Sydney Busher

Cricket information
- Batting: Right-handed
- Bowling: Right-arm fast-medium

Career statistics
| Competition | First-class |
| Matches | 5 |
| Runs scored | 84 |
| Batting average | 12.00 |
| 100s/50s | 0/1 |
| Top score | 52 |
| Balls bowled | 836 |
| Wickets | 26 |
| Bowling average | 14.61 |
| 5 wickets in innings | 3 |
| 10 wickets in match | 0 |
| Best bowling | 6/63 |
| Catches/stumpings | 2/– |
- Source: Cricinfo, 14 April 2023

= Sydney Busher =

English cricketer

Sydney Edmund Busher (19 December 1882 – 28 May 1953) was an English cricketer who played five first-class games, one for Surrey and four for Worcestershire. Of his 26 first-class wickets, 22 were bowled and four caught.

Although he had played in a minor match for Gentlemen of Surrey v Gentlemen of Netherlands at The Oval in August 1906, Busher's first-class debut did not come until April 1908, when he represented Surrey against Gentlemen of England cricket team at the same venue. Busher's maiden first-class victim was a highly illustrious one: he bowled the opposition captain W. G. Grace, who was making his final first-class appearance at the age of 59. Busher repeated this feat in the second innings, and finished with match figures of 7–92 as well as making 52 (his only fifty) as Surrey won by an innings.

In August of the same year, Busher made his debut for Worcestershire against Gloucestershire at Bristol, and in the second innings claimed what proved to be his career best figures of 6-63 (five of them bowled) to propel his county to an innings victory. In the other game he played that season, against Sussex (the only time he appeared at New Road), he picked up 5–78 in the first innings of a drawn match.
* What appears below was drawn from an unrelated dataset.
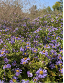 Most species in this genus are native to North America! Their often colorful flowers tend to bloom later than others, with some appearing in late fall. Some asters, such as aromatic asters, grow like a bush, with several stems branching out from its center. These many stems continue to branch off and are capped with blue-purple flowers. |

Busher did not play any cricket in 1909, but August of the following year he appeared twice more for Worcestershire, against Gloucestershire at Cheltenham and against Somerset at Taunton. Worcestershire lost the former match by an innings but won the latter by 295 runs. Busher himself also experienced mixed fortunes in these games: against Gloucestershire he could manage only one wicket, but after a wicketless first innings against Somerset he recorded 5–13 in the second; his last first-class wicket was that of wicket-keeper Arthur Newton.

Busher was born in Solihull; he later emigrated to Australia and died there aged 70 in Turramurra, a suburb of Sydney.

His brother Harold had one game for Warwickshire in 1908.